Problem to work on: Reproduce the data in full, exactly as given, leaving images out.

Input data:
-- -- --
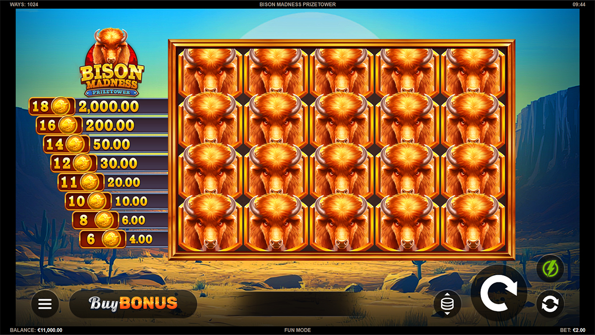 Bison Madness PrizeTower™ utilizes the 1024 Ways-to-Win mechanic instead of traditional paylines, providing players with a vast array of winning opportunities on every spin. Wins are achieved by landing matching symbols on adjacent reels from left to right, regardless of exact position. This setup increases excitement and enhances the slot’s dynamic, fast-paced feel.
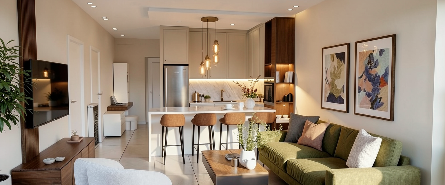 photorealistic render strictly based on the provided reference image of a tradeshow booth match geometry proportions layout and design exactly as shown do not add remove or reinterpret any elements open corner booth structure with flat roof and exposed vertical and horizontal beams in medium beige natural wood wood has a matte finish and subtle grain no color shift exterior and interior wall panels in very dark red brown color ncs s 8010 y90r matte finish uniform tone interior kitchen layout exactly as shown island with dark cabinetry and dark countertop rear cabinetry wall with built in range and hood light gray stone slab backsplash with soft veining cabinet doors are recessed panel style dark finish no added detailing lighting replicated from the model simple pendant lights and wall mounted fixtures positioned exactly as shown neutral warm white light no dramatic lighting effects floor in flat neutral gray with smooth texture consistent with a tradeshow environment camera angle perspective and framing match the reference image as closely as possible background kept minimal and neutral no branding emphasis no stylistic enhancement render style clean realistic accurate material translation even lighting no cinematic effects the ateliers jacob logo should be retro lit and installed on the arch on the right hand side in a minimalist look
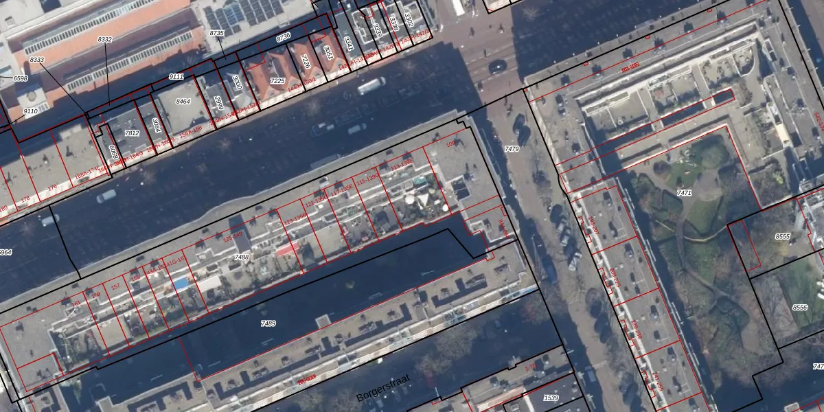 Het adres ligt op het perceel ASD13-Q-7488, dat zich in de kadastrale gemeente Amsterdam bevindt. De oppervlakte van het perceel is 2959 m². Dat is groter dan gemiddeld in Amsterdam, waar de gemiddelde perceeloppervlakte op 392,9 m² ligt. De grootste perceeloppervlakte in de kadastrale gemeente is 4,8 ha. De kleinste oppervlakte bedraagt 1 m². Op het perceel liggen in totaal 91 adressen. De laatste wijziging in het de Basisregistratie Kadaster (BRK) was op 23-11-2006.
-- -- --
Exercise solution:
 Bison Madness PrizeTower™ utilizes the 1024 Ways-to-Win mechanic instead of traditional paylines, providing players with a vast array of winning opportunities on every spin. Wins are achieved by landing matching symbols on adjacent reels from left to right, regardless of exact position. This setup increases excitement and enhances the slot’s dynamic, fast-paced feel.
 photorealistic render strictly based on the provided reference image of a tradeshow booth match geometry proportions layout and design exactly as shown do not add remove or reinterpret any elements open corner booth structure with flat roof and exposed vertical and horizontal beams in medium beige natural wood wood has a matte finish and subtle grain no color shift exterior and interior wall panels in very dark red brown color ncs s 8010 y90r matte finish uniform tone interior kitchen layout exactly as shown island with dark cabinetry and dark countertop rear cabinetry wall with built in range and hood light gray stone slab backsplash with soft veining cabinet doors are recessed panel style dark finish no added detailing lighting replicated from the model simple pendant lights and wall mounted fixtures positioned exactly as shown neutral warm white light no dramatic lighting effects floor in flat neutral gray with smooth texture consistent with a tradeshow environment camera angle perspective and framing match the reference image as closely as possible background kept minimal and neutral no branding emphasis no stylistic enhancement render style clean realistic accurate material translation even lighting no cinematic effects the ateliers jacob logo should be retro lit and installed on the arch on the right hand side in a minimalist look
 Het adres ligt op het perceel ASD13-Q-7488, dat zich in de kadastrale gemeente Amsterdam bevindt. De oppervlakte van het perceel is 2959 m². Dat is groter dan gemiddeld in Amsterdam, waar de gemiddelde perceeloppervlakte op 392,9 m² ligt. De grootste perceeloppervlakte in de kadastrale gemeente is 4,8 ha. De kleinste oppervlakte bedraagt 1 m². Op het perceel liggen in totaal 91 adressen. De laatste wijziging in het de Basisregistratie Kadaster (BRK) was op 23-11-2006.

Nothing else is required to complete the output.